Stunning is the process of rendering animals immobile or unconscious, with or without killing the animal, when or immediately prior to slaughtering them for food.

A primitive form of stunning was used in premodern times in the case of cattle, which were poleaxed prior to being bled out. However, prior to humane slaughter pistols and electric stunners, pigs, sheep and other animals (including cattle) were simply struck while fully conscious.

The belief that this was unnecessarily cruel and painful to the animal being slaughtered eventually led to the compulsory adoption of stunning methods in many countries. One of the first campaigners on the matter was the eminent physician, Benjamin Ward Richardson, who spent many years of his later working life developing more humane methods of slaughter. As early as 1853, he designed a lethal chamber that would gas animals to death relatively painlessly, and he founded the Model Abattoir Society in 1882 to investigate and campaign for humane methods of slaughter. He even experimented with the use of electric current at the Royal Polytechnic Institution.

The development of stunning technologies occurred largely in the first half of the twentieth century. In 1911, the Council of Justice to Animals (later the Humane Slaughter Association) was created to improve the slaughter of livestock and address the killing of unwanted pets. In the early 1920s, HSA introduced and demonstrated a mechanical stunner, which led to the adoption of humane stunning by many local authorities."

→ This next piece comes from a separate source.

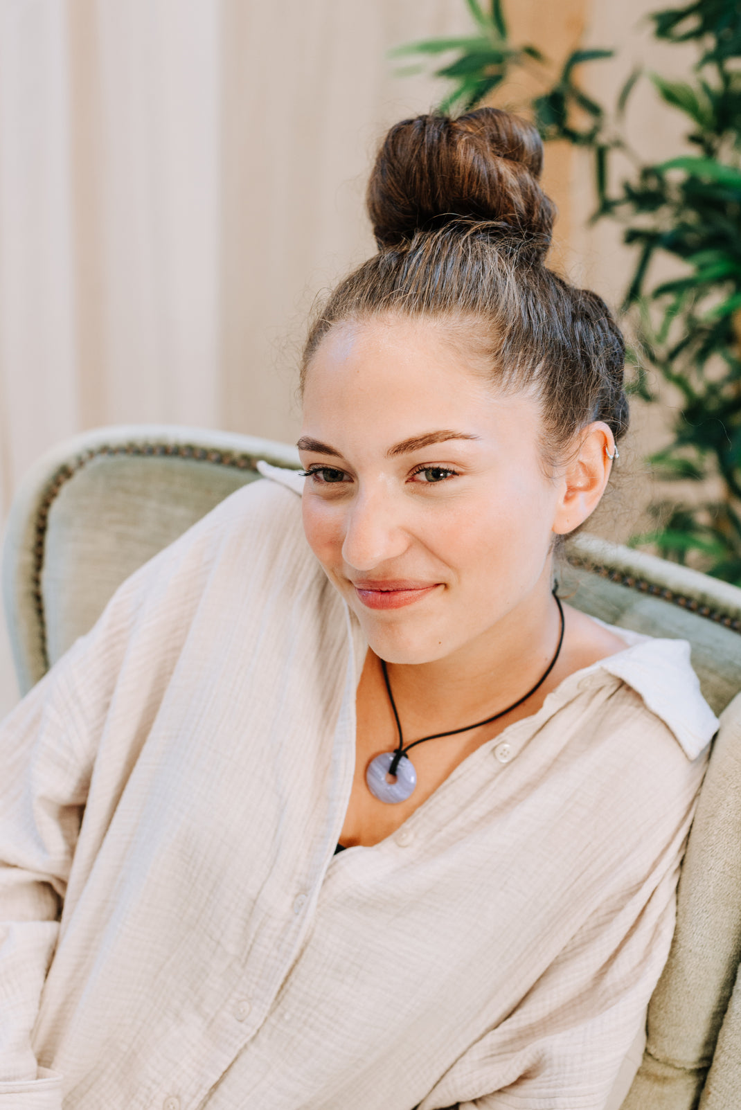 Hochwertiges Baumwollband mit einer Länge von 100 cm, das flexibel angepasst werden kann und sowohl als Kette als auch als Armband getragen werden kann.
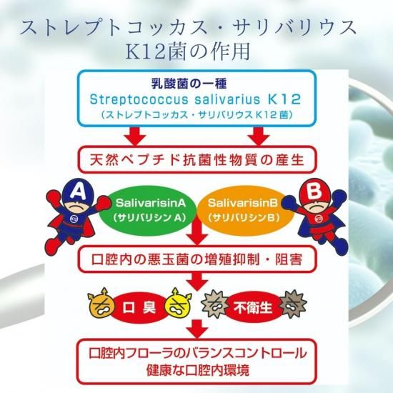 そこでおすすめしたいのが、お口の善玉菌を補給する「口腔内プロバイオティクス」という新発想のオーラルケア。この製品は、世界中の研究者が注目する善玉菌「Streptococcus salivarius K12(唾液連鎖球菌)」を配合しています。

The HSA played a key role in the passage of the Slaughter of Animals Act 1933. This made the mechanical stunning of cows and electrical stunning of pigs compulsory, with the exception of Jewish and Muslim meat. Modern methods, such as the captive bolt pistol and electric tongs were required and the Act's wording specifically outlawed the poleaxe. The period was marked by the development of various innovations in slaughterhouse technologies, not all of them particularly long-lasting.